• _Task statement_
Would you copy each line of the data below that has "which"?

• _Information_
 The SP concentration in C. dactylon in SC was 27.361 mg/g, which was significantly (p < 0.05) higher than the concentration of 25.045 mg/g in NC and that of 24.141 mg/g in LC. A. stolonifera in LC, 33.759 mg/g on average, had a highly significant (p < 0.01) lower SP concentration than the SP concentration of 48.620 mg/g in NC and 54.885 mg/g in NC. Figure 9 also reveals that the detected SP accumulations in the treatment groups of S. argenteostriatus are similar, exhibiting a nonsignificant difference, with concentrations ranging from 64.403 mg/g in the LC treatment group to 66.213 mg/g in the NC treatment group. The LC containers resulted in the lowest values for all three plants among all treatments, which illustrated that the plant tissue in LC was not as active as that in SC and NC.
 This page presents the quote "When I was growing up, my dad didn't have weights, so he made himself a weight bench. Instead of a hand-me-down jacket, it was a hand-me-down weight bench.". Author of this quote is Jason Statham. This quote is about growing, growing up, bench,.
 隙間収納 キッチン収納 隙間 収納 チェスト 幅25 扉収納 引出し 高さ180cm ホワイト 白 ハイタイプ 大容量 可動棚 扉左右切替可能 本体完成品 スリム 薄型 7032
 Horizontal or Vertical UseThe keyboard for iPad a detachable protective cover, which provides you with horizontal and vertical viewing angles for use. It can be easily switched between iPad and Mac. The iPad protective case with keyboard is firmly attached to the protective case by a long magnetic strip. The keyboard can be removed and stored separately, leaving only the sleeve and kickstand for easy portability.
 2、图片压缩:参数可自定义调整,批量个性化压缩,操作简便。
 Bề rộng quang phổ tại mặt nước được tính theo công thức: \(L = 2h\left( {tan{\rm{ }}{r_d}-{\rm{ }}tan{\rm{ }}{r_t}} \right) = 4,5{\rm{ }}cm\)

--

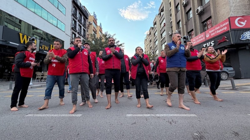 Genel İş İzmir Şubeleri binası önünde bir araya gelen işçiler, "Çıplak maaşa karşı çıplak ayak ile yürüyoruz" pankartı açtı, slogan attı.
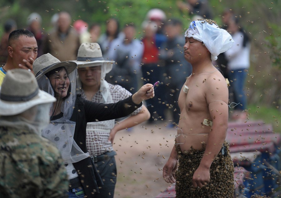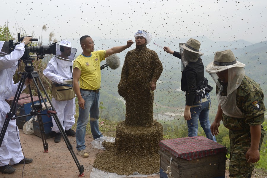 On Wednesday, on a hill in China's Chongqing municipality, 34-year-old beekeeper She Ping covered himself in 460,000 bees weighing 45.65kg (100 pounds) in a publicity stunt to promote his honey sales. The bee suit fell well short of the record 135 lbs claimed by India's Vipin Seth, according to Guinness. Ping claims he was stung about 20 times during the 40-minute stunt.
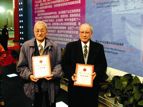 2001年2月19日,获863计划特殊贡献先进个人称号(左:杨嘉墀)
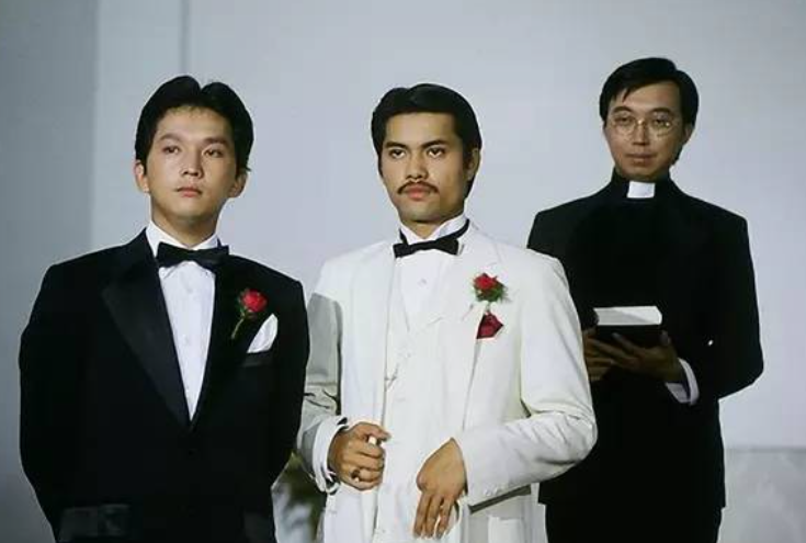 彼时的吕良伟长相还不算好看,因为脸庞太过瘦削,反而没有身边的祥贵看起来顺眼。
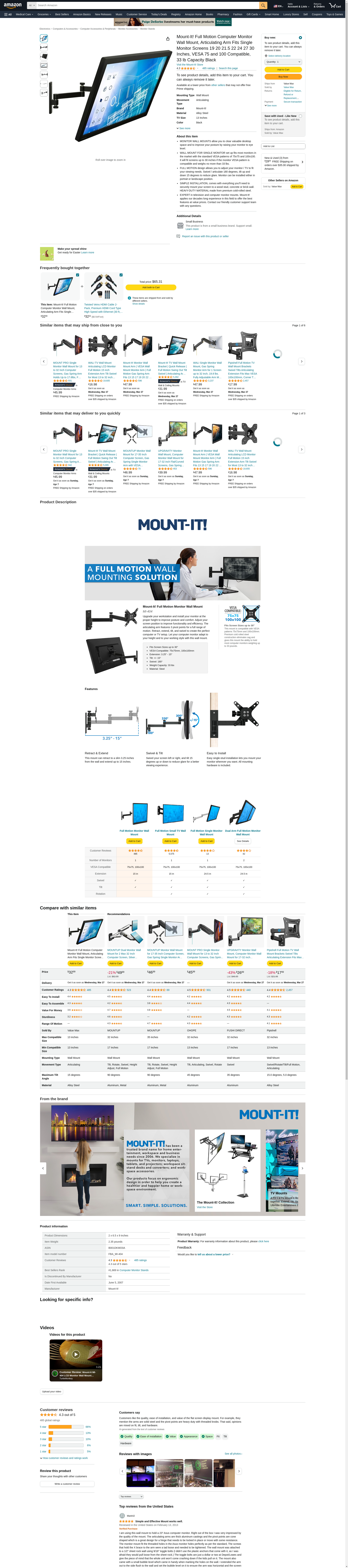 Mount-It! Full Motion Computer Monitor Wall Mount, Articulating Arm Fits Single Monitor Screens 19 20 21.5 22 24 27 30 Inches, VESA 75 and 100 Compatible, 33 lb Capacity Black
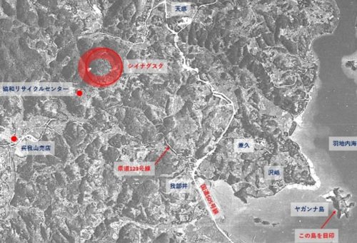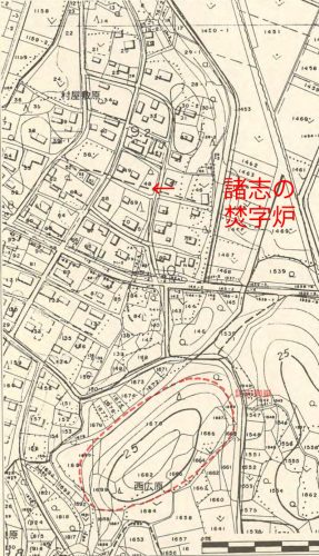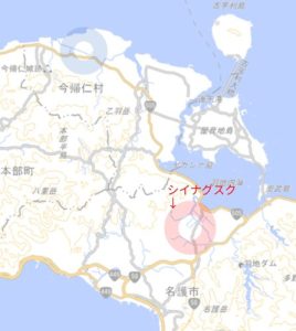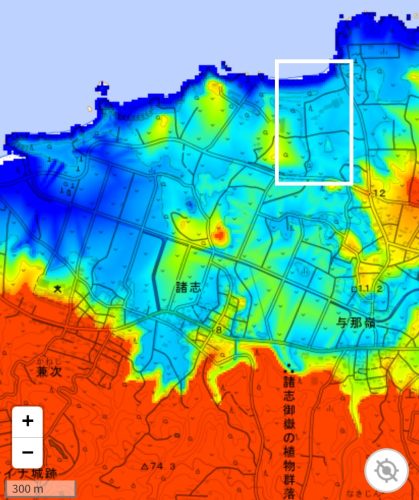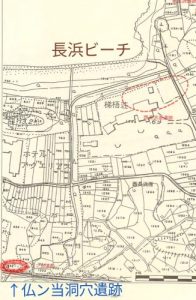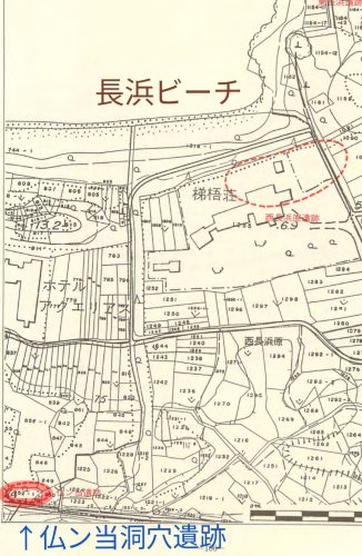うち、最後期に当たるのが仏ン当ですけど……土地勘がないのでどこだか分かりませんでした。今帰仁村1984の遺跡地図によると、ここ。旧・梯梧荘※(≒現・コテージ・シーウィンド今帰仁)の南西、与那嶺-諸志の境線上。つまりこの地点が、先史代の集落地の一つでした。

---

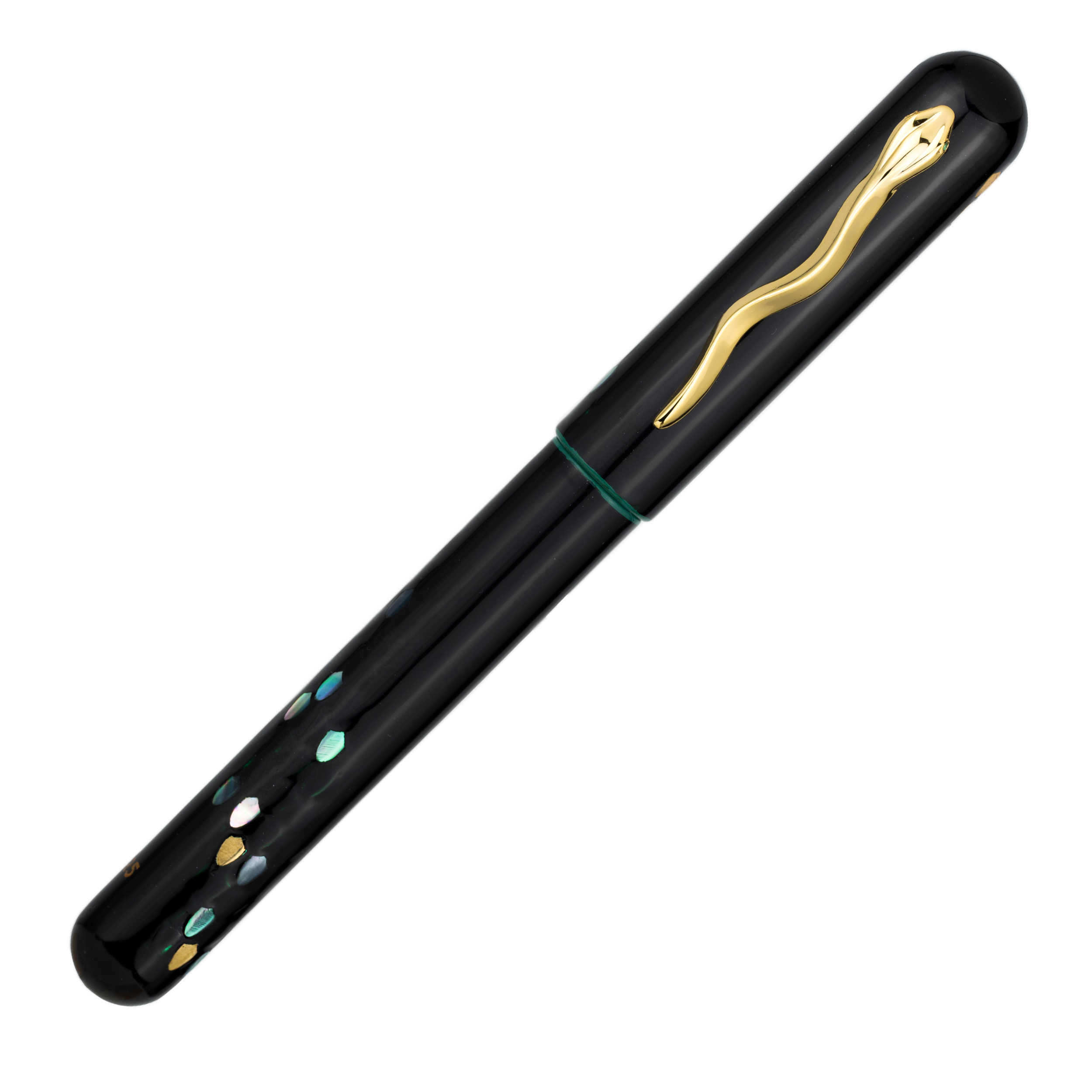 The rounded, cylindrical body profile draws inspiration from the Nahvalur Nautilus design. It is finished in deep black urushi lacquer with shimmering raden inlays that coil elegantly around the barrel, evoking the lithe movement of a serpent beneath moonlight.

• _Solved exercise_
 The SP concentration in C. dactylon in SC was 27.361 mg/g, which was significantly (p < 0.05) higher than the concentration of 25.045 mg/g in NC and that of 24.141 mg/g in LC. A. stolonifera in LC, 33.759 mg/g on average, had a highly significant (p < 0.01) lower SP concentration than the SP concentration of 48.620 mg/g in NC and 54.885 mg/g in NC. Figure 9 also reveals that the detected SP accumulations in the treatment groups of S. argenteostriatus are similar, exhibiting a nonsignificant difference, with concentrations ranging from 64.403 mg/g in the LC treatment group to 66.213 mg/g in the NC treatment group. The LC containers resulted in the lowest values for all three plants among all treatments, which illustrated that the plant tissue in LC was not as active as that in SC and NC.
 Horizontal or Vertical UseThe keyboard for iPad a detachable protective cover, which provides you with horizontal and vertical viewing angles for use. It can be easily switched between iPad and Mac. The iPad protective case with keyboard is firmly attached to the protective case by a long magnetic strip. The keyboard can be removed and stored separately, leaving only the sleeve and kickstand for easy portability.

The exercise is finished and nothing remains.